Fonterra was once lauded as the golden child of New Zealand’s primary industries.
Created in 2001 from a merger of two major dairy co-operatives, Kiwi Co-operative Dairies and the New Zealand Dairy Group, with the New Zealand Dairy Board, it was heralded as a »breakthrough idea» with founding chairman John Roadley describing it as »potentially better than an oil well».
Over the years, the country’s, at times beleaguered, red meat sector was told it should embrace the »Fonterra model»; rather ironically now, the red meat industry resembles what the dairy industry has become – rather than just one player, there are a host of other smaller – and successful – companies.

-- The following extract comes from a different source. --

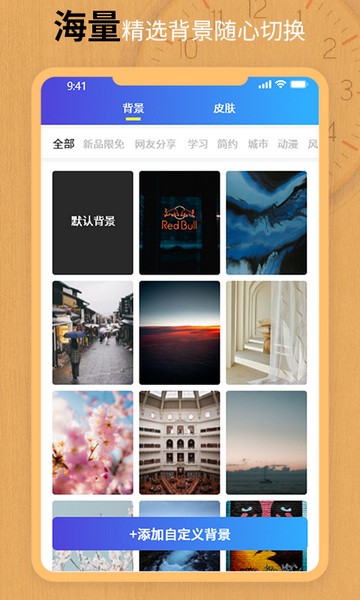 3、时钟精美壁纸:多种主题自由定制,不同时钟、自定义背景图片,切换多个时钟背景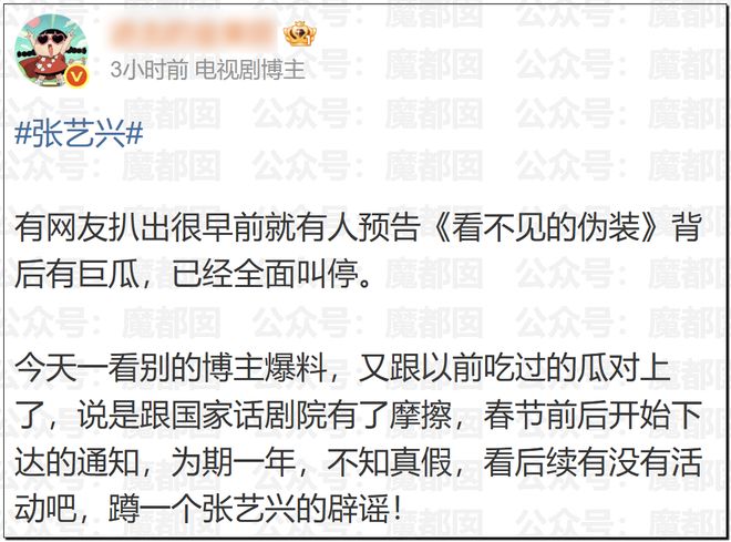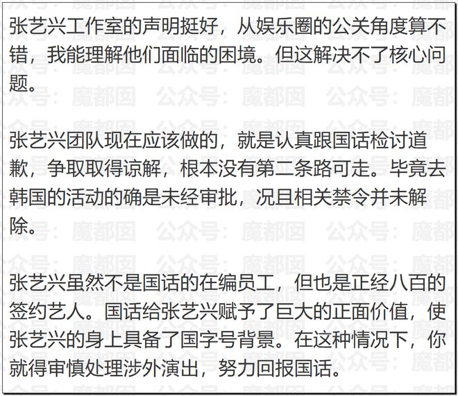 然后当日的舆论导向全是sm公司故意不让张艺兴上台什么的,粉丝各种维权和委屈,但是根据后续爆料和张艺兴自己的微博,实际上是张艺兴出国演出,特别是去棒子国演出可能没有按照规定走流程什么的,疑似被召回了。

But now Fonterra is undeniably in trouble, resembling more of a Johnes Disease-stricken heifer than the cash cow. Earlier this week, New Zealand’s largest company announced it would be reporting a loss of as much as $675 million next month.
It cited adjustments for its South American businesses, drought in Australia and heightened competition in New Zealand. In tandem, the co-operative’s board announced no dividend would be paid for the financial year.
South Otago farmer Mat Korteweg – no doubt echoing the thoughts of Fonterra suppliers throughout the country – succinctly described it as a »kick in the guts».
Shane Jones might not be the farmer’s friend after, earlier this year, saying farmers needed to stop »bitching and moaning», but the Regional Economic Development Minister had a point when he put the poor results squarely in the lap of Fonterra’s management and board, specifically calling out the co-operative’s former chief executive Theo Spierings.
Mr Spierings left last year, laughing all the way to the bank, having collected about $38 million in remuneration, including incentives and bonus payments during his seven-year stint at the top.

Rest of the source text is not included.